There’s a pill to get rid of the stress. There’s a pill to get rid of the problem, whatever we’ve had to invent. Thing is, my parents and grandparents, they knew when they were teenagers that life was about much more than them, that things were much bigger than they were individually. There are people my age, alive today, who still haven’t figured that out. They have had it so comparatively easy… They don’t think so, by the way. Their invented stress is real.

But they’ve had it so comparatively easy in real terms that they still have time to make themselves the center of the universe. They have not learned that there are things bigger than themselves. They’re self-important, never had to grow up. It’s patently obvious. And I think these are all factors that, to one degree or another, explain various political realities today. Obama’s not technically a Boomer, but he has all the worst characteristics of the Boomer generation. All of the worst.

But he’s technically not one. He doesn’t have the excuse of being a Boomer. There are other things that created it, led to it. But these people think the world resolves around them and that everybody’s thinking about them and that everybody cares about them. And, of course, look at Obama. In the press, everything is about him. He almost has an excuse. We can’t change any of this, and I wouldn’t want to. That’s not the point. And, by the way, don’t misunderstand me here.

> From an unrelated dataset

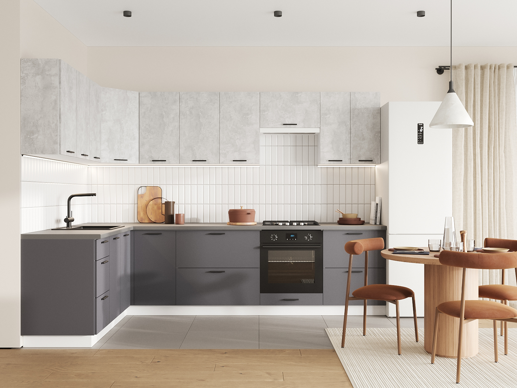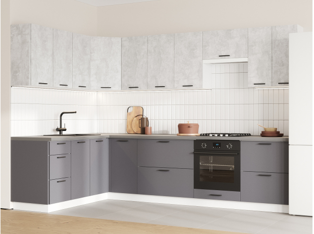 Кухонный гарнитур Модус 300х180 см Белый / Цемент светлый / Графит серый
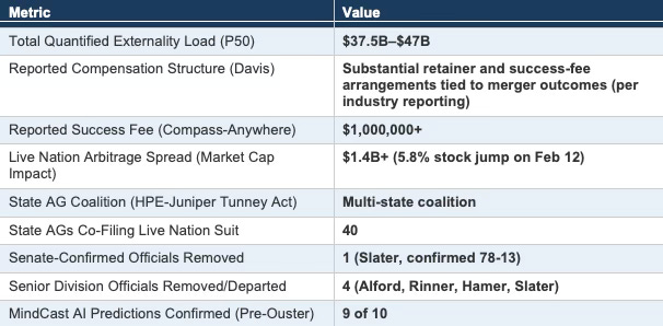 Externality estimates are derived from the MindCast AI Nash–Stigler framework using a 10-year harm window reflecting average merger-to-structural-correction cycles in concentrated markets. Discounting assumptions are conservative and fall within the range typically presented in federal regulatory analysis; sensitivity ranges are available upon request. Market share persistence assumptions are calibrated to post-merger Herfindahl-Hirschman Index (HHI) levels—the standard measure of market concentration used by federal antitrust enforcers—in the relevant markets. HPE-Juniper estimates reflect a 3-to-2 market structure in enterprise wireless local area networking (WLAN) with 70%+ combined share. Compass-Anywhere estimates reflect combined residential brokerage dominance exceeding DOJ Merger Guidelines thresholds (30%+ combined share) in multiple major metropolitan areas. Live Nation estimates reflect sustained vertical integration across ticketing, promotion, and venue operations in a market where the DOJ’s own complaint alleged illegal monopoly maintenance. Full methodology is available in “Nash–Stigler Equilibria & Comparative Externality Costs” (January 21, 2026).

I’m not denying that there are real hardships in life today. They’re just not the same ones. I don’t know how many; I wouldn’t want to put a percentage on it. Well, look at 9/11. Look at 9/11! There were more people killed at 9/11 than at Pearl Harbor. What did we do after Pearl Harbor? We all mobilized, and we didn’t stop until those people surrendered. Now what do we do? We want to build a mosque at Ground Zero! We want to let the people who participated in that destruction build a mosque there.

A lot of our citizens think that’s a good idea!

It is profoundly different, in a lot of ways that are not helpful.